Lastly, we discussed where to buy and try his harmonious and nuanced wines. You can visit and taste his offerings by reservation only for those in the area or traveling to California. Additionally, you can directly purchase his delectable Pinot Noirs (and now a 2020 Chardonnay) from his website at https://www.thomastthomasvineyard.com/Wines/2018
I've done some of the hard work for WRO readers and sampled a selection of his wines. They all have a perfect combination of ripeness, tension, and aromatic complexity reminiscent of Burgundy. Please find my reviews below on a sample of Thomas's offerings and then try them yourself. You won't be disappointed.
Thomas T. Thomas, Anderson Valley Pinot Noir Reserve 2017
($80): This 2017 small-production Pinot Noir shows vibrant flavors of tart cherries, ripe strawberries, violets, and baking spice. Well-integrated tannins and bright acidity keep the wine flavor packed. It walks a beautiful line between the concentration of flavor and a light-footed frame, and it finishes with addicting juiciness. This certainly has several years of aging potential.

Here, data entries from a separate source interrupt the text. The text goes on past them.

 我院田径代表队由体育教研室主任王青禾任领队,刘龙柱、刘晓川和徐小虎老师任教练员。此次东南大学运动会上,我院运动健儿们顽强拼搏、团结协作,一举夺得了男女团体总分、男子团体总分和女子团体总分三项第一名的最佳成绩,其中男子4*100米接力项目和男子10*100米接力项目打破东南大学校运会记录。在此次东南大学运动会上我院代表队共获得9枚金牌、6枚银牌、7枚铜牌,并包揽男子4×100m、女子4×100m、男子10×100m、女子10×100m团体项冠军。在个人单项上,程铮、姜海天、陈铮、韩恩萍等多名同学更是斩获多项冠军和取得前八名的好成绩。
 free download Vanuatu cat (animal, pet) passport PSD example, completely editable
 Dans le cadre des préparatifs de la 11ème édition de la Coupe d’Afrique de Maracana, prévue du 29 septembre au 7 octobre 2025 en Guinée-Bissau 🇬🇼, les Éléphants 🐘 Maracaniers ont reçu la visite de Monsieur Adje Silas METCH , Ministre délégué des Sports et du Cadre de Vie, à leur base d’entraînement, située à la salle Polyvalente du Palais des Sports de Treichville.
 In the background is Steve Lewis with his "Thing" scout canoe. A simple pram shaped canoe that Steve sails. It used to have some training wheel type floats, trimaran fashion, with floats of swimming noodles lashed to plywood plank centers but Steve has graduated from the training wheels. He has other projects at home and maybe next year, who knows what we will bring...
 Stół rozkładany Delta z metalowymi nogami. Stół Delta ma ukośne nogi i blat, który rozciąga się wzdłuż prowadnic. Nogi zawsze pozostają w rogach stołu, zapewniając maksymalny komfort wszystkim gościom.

Thomas T. Thomas Vineyards, Anderson Valley Pinot Noir Buster’s Hill 2018
($85): The 2018 Buster’s Hill Pinot Noir will undoubtedly become one of California's highest praised Pinot Noirs. This 2018 is loaded with raspberry, black cherry, rhubarb, and perfectly integrated baking spices. The structured palate offers swells of fresh acidity and polished, fine-grained tannins. It is the pinnacle of North California's essence. It's a joy to drink and greatly over-performs more expensive estate bottlings from California.
Thomas T. Thomas Vineyards, Anderson Valley, Pinot Noir 2019
($45): This 2019 draws you in like a magnet with its gushing, high-toned aromas and flavors of plum, strawberry preserve, violet, and cherry. The palate is lushly textured with beautiful tension. This is poised to impress and gives you a glimpse of what you would find in Burgundy without the daunting price tag.
Thomas T. Thomas Vineyards, Anderson Valley, Estate Grown Pinot Noir 2019
($65): This 2019 Estate Grown Pinot Noir is a bit more tertiary forward than the aforementioned 2019 Pinot Noir. It has fresh cherry and plum flavors, but it then evolves to notes of seductive earth, crushed rose, and baking spice. With each swirl, you’re guaranteed to uncover another rich layer with perfectly balanced acid and tannins.
Thomas T. Thomas Vineyards, Anderson Valley, Chardonnay 2020
($38): The 2020 Chardonnay is yellow-gold in the glass, with aromas of white peach, citrus, crushed chalk, and the lightest touch of oak. It has excellent texture and concentration, but it also has freshness and vibrancy with Chablis-like salinity. As Thomas suggested, "this is Burgdunain in spirit with California flair."